The Araucana chicken breed lays naturally blue eggs. The color comes from a pigment called oocyanin that permeates the entire shell — not just the surface.
The Araucana, a chicken breed originating in South America, lays eggs with shells that are genuinely blue. Not tinted, not pale blue-gray. Blue. The color is not a surface coating. It is distributed through the entire thickness of the shell, so a cross-section of an Araucana eggshell looks the same color inside as outside. The pigment responsible is called oocyanin, a bile pigment related to biliverdin, and its presence in the Araucana genome has a specific and unusual origin: a retroviral insertion that occurred in the ancestors of the breed and was fixed by selection.
## What Oocyanin Is and How It Works
Oocyanin is a tetrapyrrole compound, structurally related to the bile pigments that give bruises their blue-green color and give some insects their distinctive hues. In the Araucana hen, it is produced in the shell gland, the section of the oviduct where the calcium carbonate shell is deposited over the course of roughly 20 hours. Because the oocyanin is secreted early in the shell deposition process and continues throughout, it permeates the entire shell matrix rather than being applied only to the surface.

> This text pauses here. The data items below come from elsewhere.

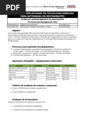 Projeto de implantação da tecnologia wireless para automaçao em restaurantes plano de gerenciamento de aquisições procurement management plan preparado por davis souza alves versão 10 aprovado por professor wladimir dezembro pmp 14082009.
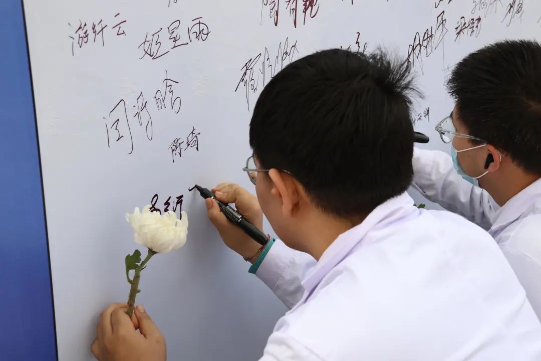 在全体承诺环节,学生代表王皓琪带领到场师生宣读“尊重”承诺辞。到场师生纷纷举起右手,握拳至耳边,庄严承诺“敬畏生命,尊敬生命,善待生命,拯救生命”,活动最后,师生集体静思一分钟,依次走近慰灵碑前敬献鲜花,向为人类健康和生命科学发展做出贡献的无言英雄表达崇高敬意。
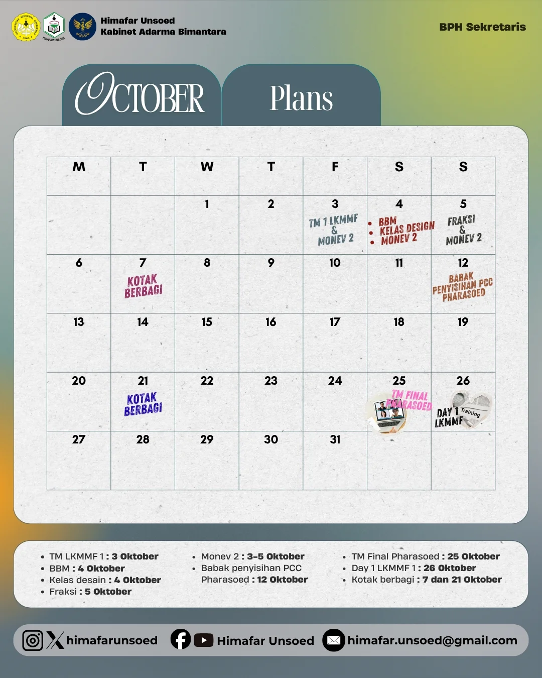 Kalender Kegiatan Himafar Unsoed Oktober 2025
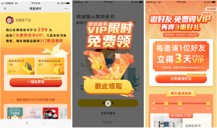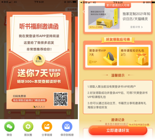 这个问题要从活动目标开始分析,这个活动的目标用户是非VIP用户,主要目的是让更多用户体验樊登读书的vip福利养成习惯从而转化普通用户为vip用户,并不是拉新,邀请新用户并没有额外的福利,并且邀请用户福利是vip的时间,所以对于已经是VIP用户来说意义并不大
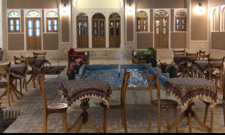 اقامتگاه سنتی پنجه آفتاب دارای حیاط با میز و صندلی است .
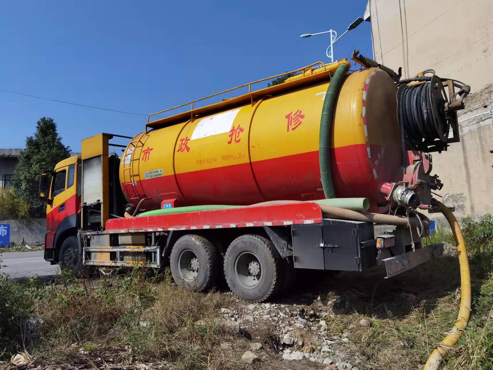 2.把吸粪车开到工作现场,套好吸粪胶管(5m长,备3条)放入化粪池内。

This distinguishes blue shell color from brown shell color in chickens. Protoporphyrin IX, the pigment that produces brown shells in breeds like the Rhode Island Red, is applied only near the end of shell formation. It sits on the surface and in the outermost cuticle layer, which is why you can partially rub brown color off a fresh brown egg with an abrasive, and why the inside of a brown shell is white. Oocyanin is integrated throughout. There is no analogous surface-only version of blue.
## The Retroviral Origin
Research published in 2013 identified the genetic basis for blue egg production in chickens. The gene responsible, called SLCO1B3 in the oviduct tissue, is not normally expressed there. Its activation in the Araucana's shell gland is caused by an endogenous retroviral element, specifically a section of retroviral DNA that integrated into the chicken genome at some point in the breed's history and placed SLCO1B3 under the control of a promoter that is active in the oviduct.
SLCO1B3 normally encodes a transporter protein involved in liver function, where it handles bile compounds including biliverdin and related tetrapyrroles. In the Araucana oviduct, driven by the retroviral promoter, it produces the same transport activity in the wrong tissue, resulting in oocyanin accumulation in the developing shell.
This mechanism is remarkable because it represents a visible, heritable phenotypic change caused by a retroviral integration event, of the kind that genomicists study as a driver of evolutionary novelty. In this case, the novelty is blue eggs, which is more visually striking than most retroviral contributions to genome evolution.
## Breed Origins and the Spread of Blue Eggs
The Araucana originated in Chile, where it was kept by the Araucanian peoples, also called the Mapuche, before European contact. Spanish colonizers encountered the birds and eventually brought them to Europe and North America, where they entered formal breed registries in the early 20th century. The American Poultry Association recognized the Araucana in 1976.
The breed has two distinctive traits beyond blue eggs: it is rumpless, lacking a tail and the associated vertebrae, and it has feathered ear tufts rather than standard earlobes. Both traits are linked to lethal alleles that cause embryonic death when present in double dose. The genetics of the breed are consequently complicated. Breeding purebred Araucanas involves managing these lethal combinations, and chick mortality is higher in Araucana breeding programs than in most other breeds.
The Ameraucana, a separate breed developed in the United States from Araucana stock, carries the blue egg gene but without the lethal alleles associated with the rumpless and tufted traits. Easter Egger chickens, which are mixed-breed birds with varying amounts of Araucana ancestry, also lay blue and green eggs, the green resulting from the blue shell base combined with brown surface pigmentation. The oocyanin gene has spread considerably into the hobby poultry world as a result of its visual appeal, which is a reasonable outcome for a trait that causes chickens to produce something that looks like it belongs in an art installation.